The Conservative Record:

Since we have a decade of rule, including a majority term, evaluation of the Conservative Party comes down to their record.  Regardless of how they campaign and what they promise, we have a good idea of how they govern.  The first question of the election is: do they deserve to continue?

Points in Favour:

  1. Management through the 2008 Recession.  I’m no economist and, really, have no idea what’s the best policy for managing the effect of a global recession.  As best as I can tell, the Conservative record is mixed here.  I do, however, want to give them credit for choosing to support infrastructure spending during the recession; I could easily have imagined that an ideologically commitment to balanced budgeting could have preventing them from pursuing this program.  In addition, by some economic metrics, we weather this 2008-2011 storm better than most.  As in the preamble, blame and credit for economic performance is tricky at best.
  2. Tax Free Savings Account.  Regardless of the current debate about size and limits of TFSAs, these seem like a good vehicle for promoting savings.  In the interests of full disclosure, part of my approval of TSFAs is surely based on their usefulness to our particular financial situation.  I directly benefit from their existence.  Personal advantage aside, they seem like a good tax policy decision.
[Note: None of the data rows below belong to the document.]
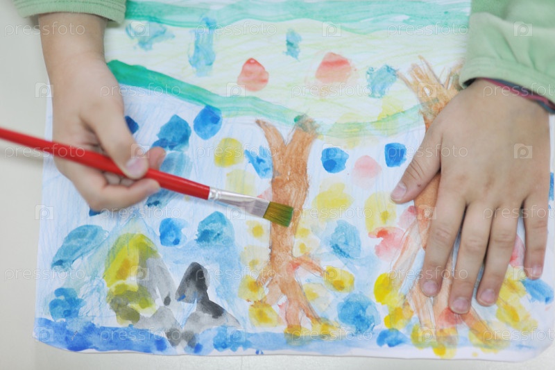 Ребенок рисует красками на бумаге
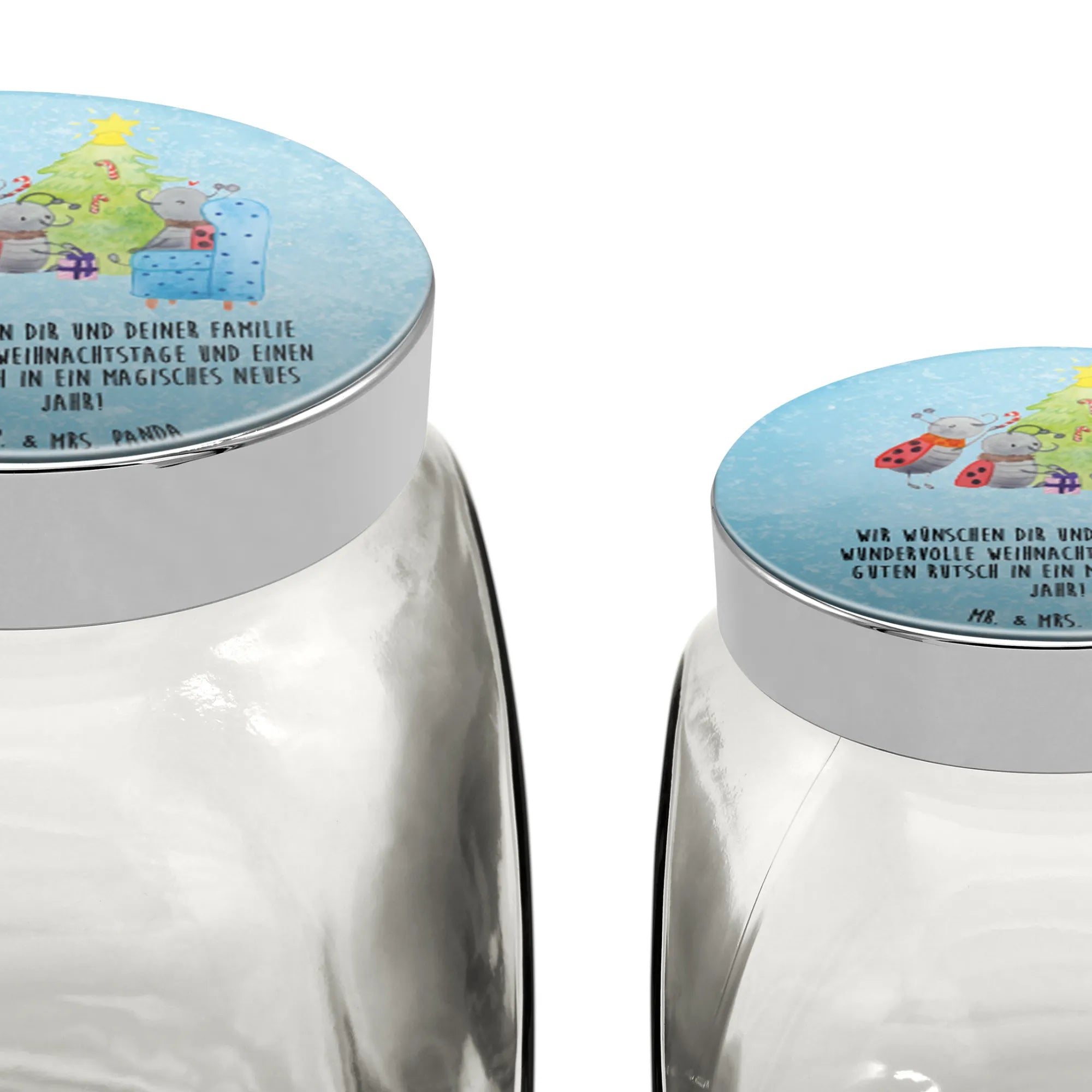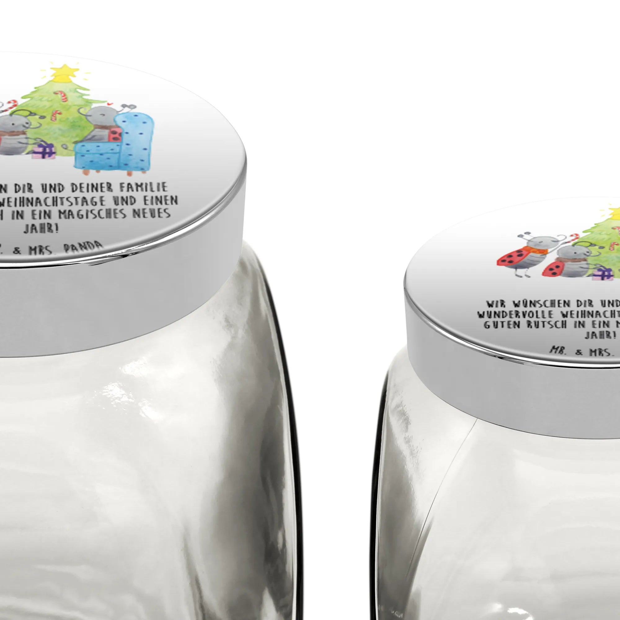 Mit dem liebevollen Slogan „Wir wünschen dir und deiner Familie wundervolle Weihnachtstage und einen guten Rutsch in ein magisches neues Jahr!“ ist das Glas noch persönlicher und ein ideales Präsent für deine Lieben. Egal, ob du es für deine Weihnachtsdeko verwenden oder es einfach nur selber behalten möchtest, dieses Bonbonglas ist ein echtes Must-Have der ruhigen, besinnlichen Zeit. Lass dich von der magischen Weihnachtsatmosphäre inspirieren und genieße die besinnlichen Momente mit einem Stückchen Süßigkeit oder einem knusprigen Keks. Verwandle deine Küche oder dein Wohnzimmer in ein Weihnachtswunderland mit diesem zauberhaften Bonbonglas von Mr. & Mrs. Panda.
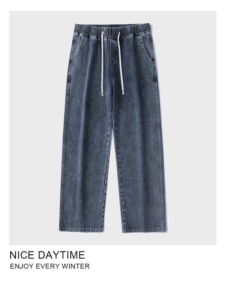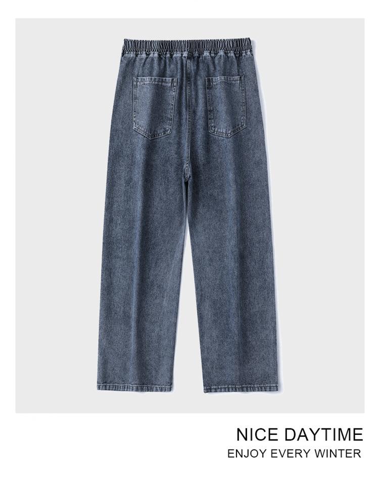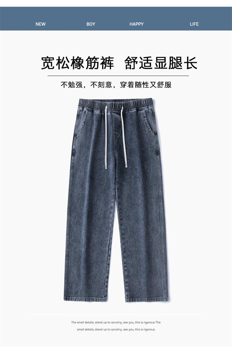 Otoño 2023 Nuevos Jeans de Hombre Cintura Elástica Pantalones de Goma Rectos Sueltos Combinan con Todo Modernos Lavados Pantalones Largos
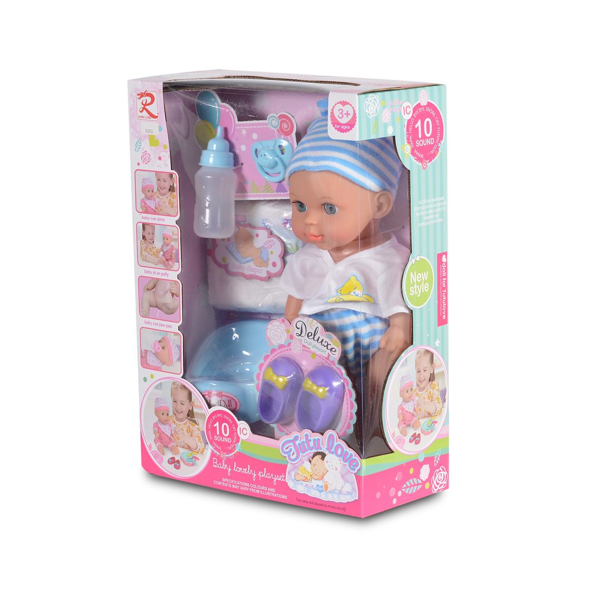 В комплекта са включени: - шише - памперс - гърне - аксесоари за бебе ! Включеното шише е играчка и не е подходящо за бебета или деца
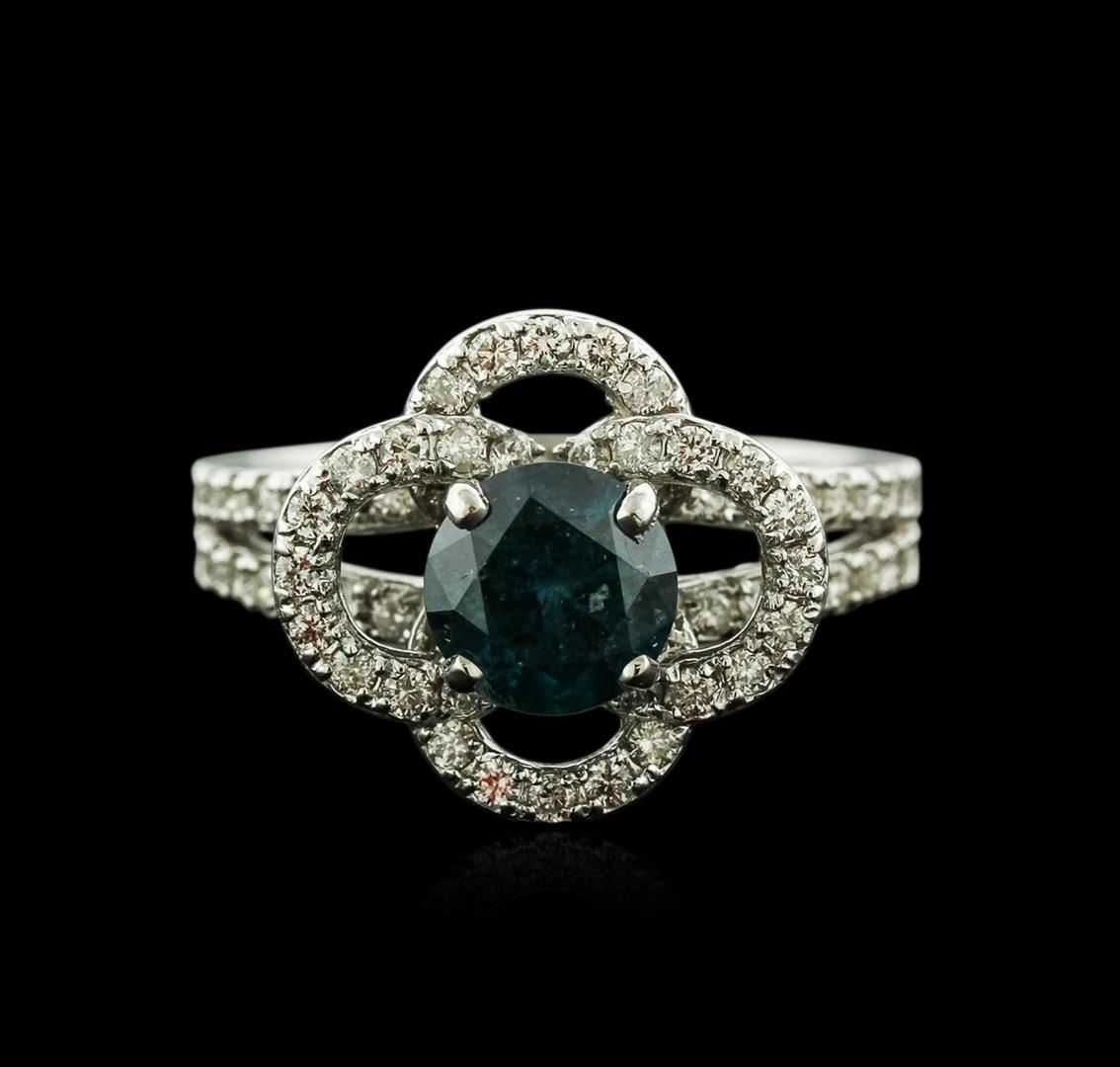 One electronically tested 14KT white gold ladies cast diamond engagement ring with a bright polish finish. Identified with markings of "K14". Condition is new. Containing: One prong set round brilliant cut diamond, measuring 6.80 - 6.80 x 4.08mm (depth est.) approximate weight of 1.15ct. Clarity: I-3, Cut is Good. Sixty prong set round brilliant cut diamonds, measuring 1.30 - 1.30 x 0.78mm (depth est.) approximate total weight of 60 Stones = 0.48ct. Clarity: SI-1 to I-1. Color: I - J, Cut is Good. All diamonds are graded in the mounting, unless otherwise stated. Total Weight of Diamonds 1.63ct. Total Weight of Engagement Ring 5.10 grams. GGL Appraised at $4,590.00.
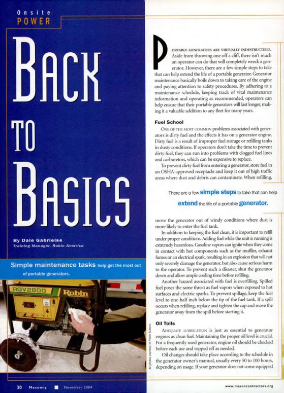 PORTABLE GENERATORS ARE VIRTUALLY INDESTRUCTIBLE. Aside from throwing one off a cliff, there isn't much an operator can do that will completely wreck a generator. However, there are a few simple steps to take that can help extend the life of a portable generator. Generator maintenance basically boils down to taking care of the engine and paying attention to safety procedures. By adhering to a maintenance schedule, keeping track of vital maintenance information and operating as recommended, operators can help ensure that their portable generators will last longer, making it a valuable addition to any fleet for many years.
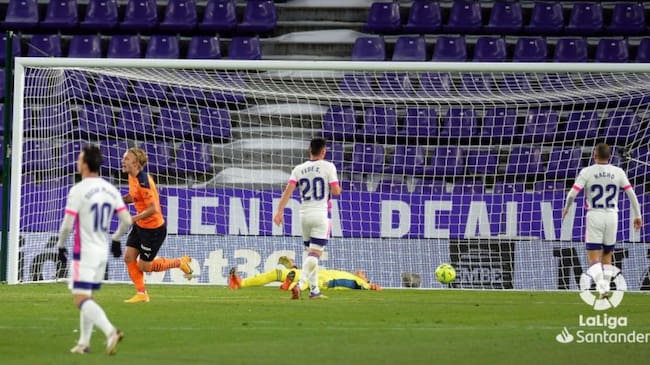El Valladolid, peor que su rival en la primera mitad, pudo empatar, pero lo impidió el palo en la última del encuentro
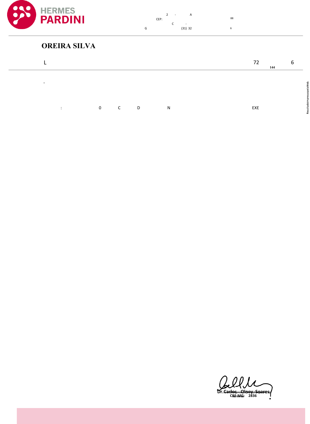 Este laudo foi assinado digitalmente sob o nro: 0405711CEEA7F699C1AFC10793F7F839 Os valores dos testes de laboratório sofrem influência de estados fisiológicos, patológicos, uso de medicamentos, etc. Somente seu clínico tem condições de interpretar corretamente estes resultados. Possuímos uma assessoria científica qualificada para discussão dos resultados laboratoriais com o clínico assistente. Dr.Carlos Olney Soares CRF-MG: 2836 POR METODOLOGIAS CONVENCIONAIS OU AUTOMATIZADAS (SISTEMA VITEK). RESULTADO: NÃO HOUVE CRESCIMENTO BACTERIANO. VALOR DE REFERÊNCIA: AUSÊNCIA DE CRESCIMENTO BACTERIANO. JOSE MOREIRA SILVA 06/04/1944 ( 78 anos) LAB.DE CLINICAS CLINBIO A 7206897- 10/03/2023 6 CAL 14461 Conveniado: Pedido No. no URINA - MATERIAL UROCULTURA CO ANTIBIOGRAMA [ DE REA NÃO AMOSTRA COLETA 07:00] 10/03/2023 : COLETA DA DATA EXECUTOR LIZADA PELO LABORATÓRIO DO EXAME MÉTODO: CULTIVO EM MEIOS ESPECÍFICOS. IDENTIFICAÇÃO E ANTI BIOGRAMA Nome Nascimento Data de Solicitante Entrada Data Pedido 6769888 CNES: A - 2448 Naıes, Das Av. End.: Portaria CEP:33201-003 Vespasiano-MG Guilherme Dr. - RT CRM-MG:35635 - Collares Birchal 3228-6200 (31) Geral/Atend.Domiciliar: Telefone CNPJ:19.378.769/0053-05 8899-16 CRM-MG:
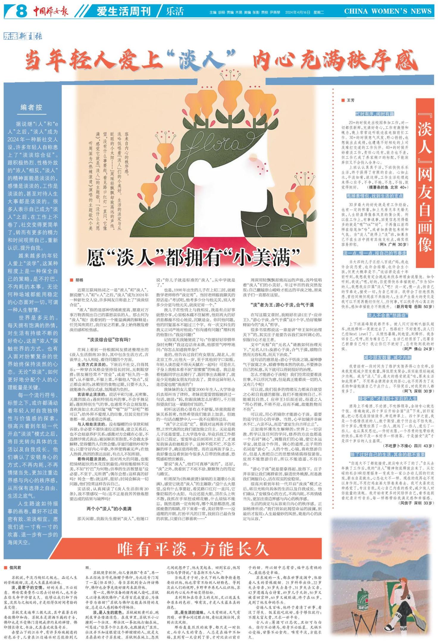 《中国妇女报》(电子版)的一切内容(包括但不限于文字、图片、PDF、图表、标志、标识、商标、版面设计、专栏目录与名称、内容分类标准以及为读者提供的任何信息)仅供中国妇女报读者阅读、学习研究使用,未经中国妇女报及/或相关权利人书面授权,任何单位及个人不得将《中国妇女报》(电子版)所登载、发布的内容用于商业性目的,包括但不限于转载、复制、发行、制作光盘、数据库、触摸展示等行为方式,或将之在非本站所属的服务器上作镜像。否则,中国妇女报将采取包括但不限于网上公示、向有关部门举报、诉讼等一切合法手段,追究侵权者的法律责任。
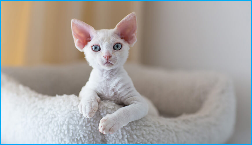 Красивый, любопытный и ушастый котенок Девон-рекс
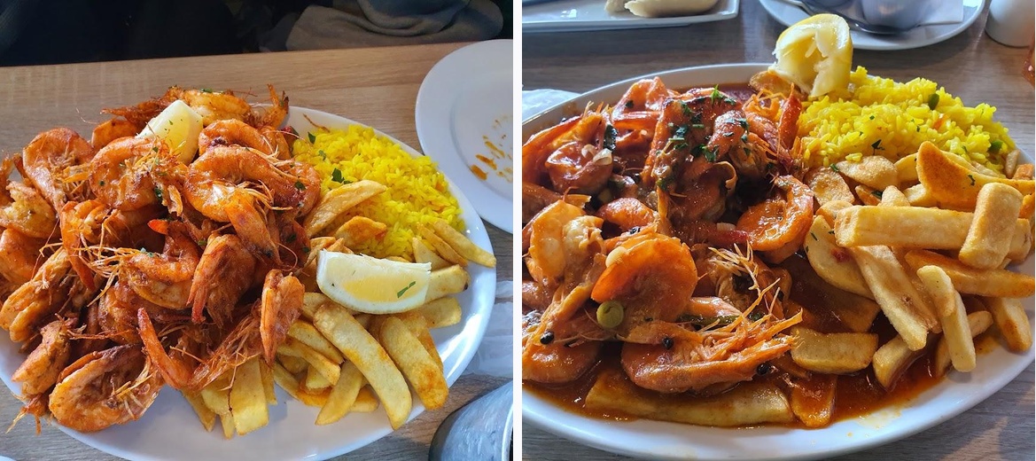 We usually order the 50 prawns platter with chips, rice, and trio sauces. The prawns were cooked perfectly and seasoned well. The tables are spaced out nicely, and it's a family-friendly place. The waitress that served us was very good. Parking is an issue. They have a very small parking next to the restaurant but it's always full. There are side street parking or paid parking nearby. Would definitely recommend it if you're a sea food lover.
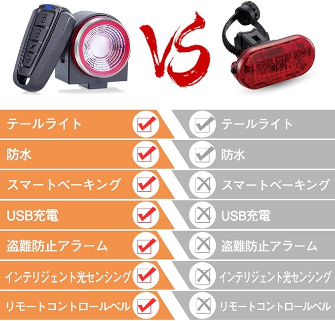 自転車 スマートテールライト 盗難防止アラーム バイク 振動センサー セキュリティアライト ブレーキセンサー セーフティーライト USB充電 115db IP65防水 高輝度COB 夜間走行(A8) | KAZESHOP
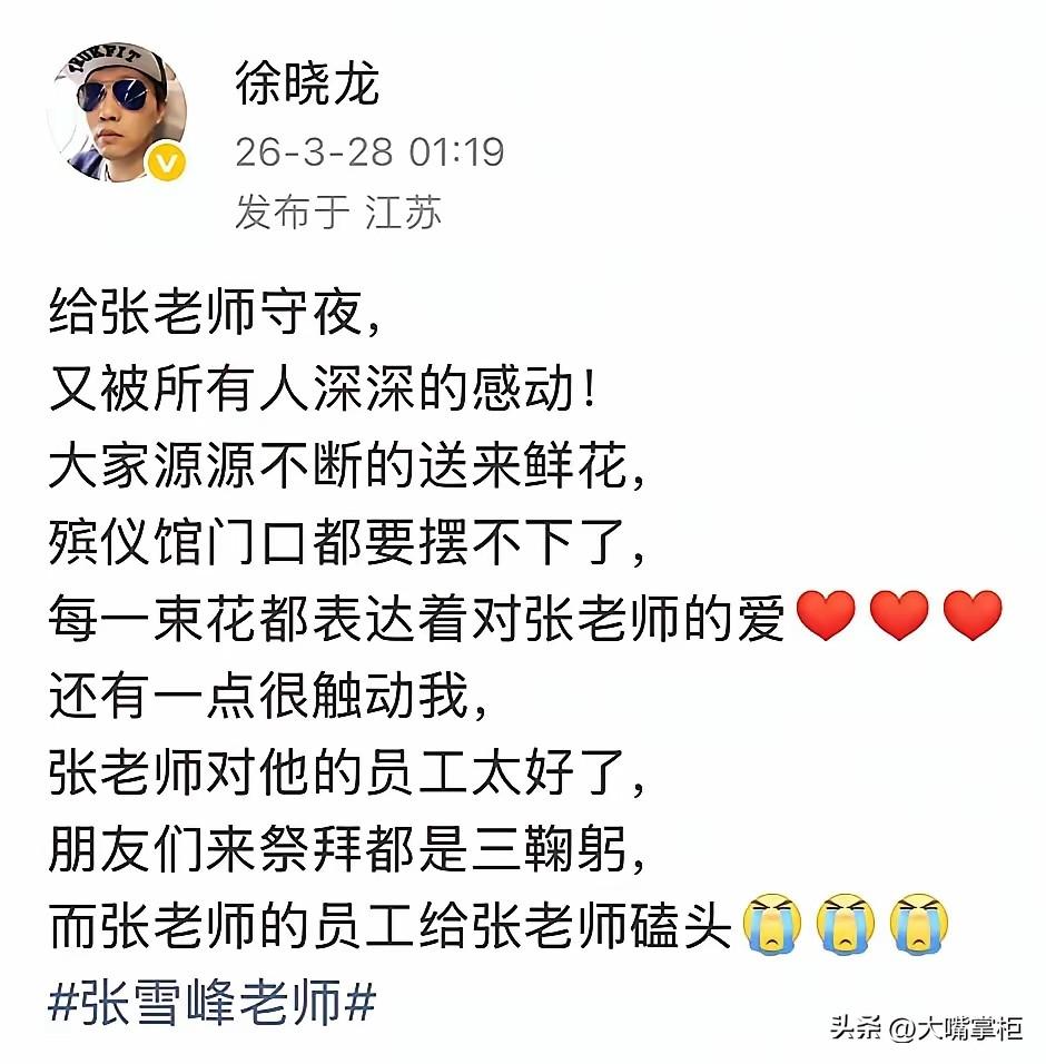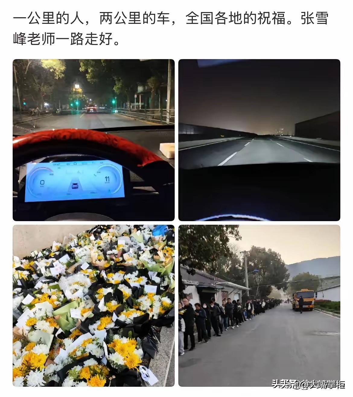 不堵车的苏州,今天因为送别张雪峰,排起了车龙。 张雪峰在直播间不止一次夸过苏州,不管是人文景观还是营商环境,在张雪峰看来,都是顶呱呱的,印象最深的就是他说苏州是一个不怎么堵车的城市,特别好。 可3月28号清晨的苏州,车队却排起了长龙,路边能停的车位全部停满,单向两车道成了一个大大停车场,对向车道也挤满了人和车,一大早就有交警在执勤。 有网友连夜驱车赶来,在苏州的网友,天不亮也早早赶来,只为送别张雪峰最后一程。 现场有网友分享,从四面八方赶来的网友,都朝张雪峰深深鞠躬三次,表达哀思,而峰学蔚来的员工,都是跪在地上磕三个响头,十分不舍老板的离去。 岂止是员工不忍老板离去,即便远在各地的网友们这几天的心情也都不轻松,明明和他没有交集,却好像失去了一个重要的人一样。 张雪峰曾说,他的毕生目标是让普通家庭的孩子少走弯路,如今大家赶来送他,也希望他能一路走好。

I don’t really have much more in this section.  I’m sure there are many relatively small and specific actions, such as increasing the protected area included in Nahanni National Park, which would meet with my approval.  However, I’m trying to stick to broader and more substantial policy decisions in this post.  I’m willing to hear from those more positive on the Conservative record: what has been praiseworthy about their government?

Points Against:

  1. Management through the 2008 Recession.  I feel justified putting this in both sections.  The focus on traditional resource industries, particularly oil, mostly like contributed to our current and future vulnerability.  An ideological commitment to banking deregulation, particularly after the US causes of the 2008 recession, seems very foolish.
  2. Attitude towards parliament.  The use of procedure, particularly the ability to prorogue to avoid undesired motions and debate, is undemocratic and shows a contempt for the parliamentary system.  Having the technical authority to close down parliament doesn’t give ethical justification for doing so.
  3. Commitment to warfare in Afghanistan.  While our involvement in the Afghanistan conflict was due to actions of Paul Martin’s Liberal government, the Conservatives repeatedly recommitted to a deeply problematic military campaign.
  4. Census reform.  I can think of three possible justifications for simplifying the census, as was accomplished in the summer of 2010: cost, privacy, or fear of information.  On cost, I feel the importance of census data justifies the cost.  On privacy, again, I feel the importance of census data justifies the imposition and gathering of private data (with appropriate measure of security and guarantees of anonymity).  On fear of information, which many have claimed is the real unspoken motivation, I am, of course, desperate disappointed in any government which seeks to suppress information.
  5. Attitude towards science and silencing of government run scientific inquiry.  On the same theme of suppressing information which is inconvenient to their agenda or ideology, I am deeply disappointed with the Conservative record towards science in general and its own scientists in particular.  In particular, weakening of environmental regulations, prohibiting publication of scientific research done by governmental scientists and cutting funding to various public interest research departments are all strikes against the Conservative record.
  6. Policy on Crime.  I’m strongly opposed to the entire Tough-On-Crime agenda.  in addition to the policy decisions, an environment of antagonism and cruelty has been fostered in the entire criminal justice system.  This gets in the way of attitude and programs that help actually rehabilitate criminal and reduce recidivism.  As far as I can tell, the whole program both dehumanizes criminals and makes the rest of us less safe.
  7. Rhetoric on terrorism.  The Conservative government has adopted, wholeheartedly, the very problematic us-vs.-them rhetoric of terrorism.  This language is actively harmful to our society: it justifies racism, breeds contempt for religious minorities, argues for disastrous international military actions, and undermines civil rights.  The ideological decision to envision Omar Khadr as a terrorists instead of a child soldier and the ensuing harm (and wasted resources) is the most clear exemplar.
  8. Human rights, in particular, bill C-51.  Coming out of the rhetoric mentioned in the previous point, this is a deeply problematic bill.  While it remains to be seen how it plays out in functional jurisprudence, the bill has the potential remove important rights of communication, free speech, protest and association.  It’s attitude towards information and privacy is also deeply troubling.  Bill C-24 is equally troubling in how it authorized the government to deny citizenship rights, particularly towards ethnic and religious minorities targeted by the rhetoric of terrorism.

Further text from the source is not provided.